Diverse Priors for Deep Reinforcement Learning
This work addresses the exploration-exploitation dilemma in reinforcement learning, offering an incremental improvement over existing ensemble-based methods for researchers and practitioners in the field.
The paper tackles the problem of improving exploration in deep reinforcement learning by introducing a method that uses carefully designed prior neural networks to maximize diversity in initial value functions, resulting in superior performance and significantly improved sample efficiency compared to random prior approaches.

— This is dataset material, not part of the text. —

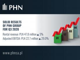 In Q3, the adjusted EBITDA of the PHN Group amounted to PLN 22.7 million, rental revenue amounted to PLN 47.8 million compared to PLN 45.5 million in the same period last year, and rental profit amounted to PLN 25.5 million....

In Reinforcement Learning (RL), agents aim at maximizing cumulative rewards in a given environment. During the learning process, RL agents face the dilemma of exploitation and exploration: leveraging existing knowledge to acquire rewards or seeking potentially higher ones. Using uncertainty as a guiding principle provides an active and effective approach to solving this dilemma and ensemble-based methods are one of the prominent avenues for quantifying uncertainty. Nevertheless, conventional ensemble-based uncertainty estimation lacks an explicit prior, deviating from Bayesian principles. Besides, this method requires diversity among members to generate less biased uncertainty estimation results. To address the above problems, previous research has incorporated random functions as priors. Building upon these foundational efforts, our work introduces an innovative approach with delicately designed prior NNs, which can incorporate maximal diversity in the initial value functions of RL. Our method has demonstrated superior performance compared with the random prior approaches in solving classic control problems and general exploration tasks, significantly improving sample efficiency.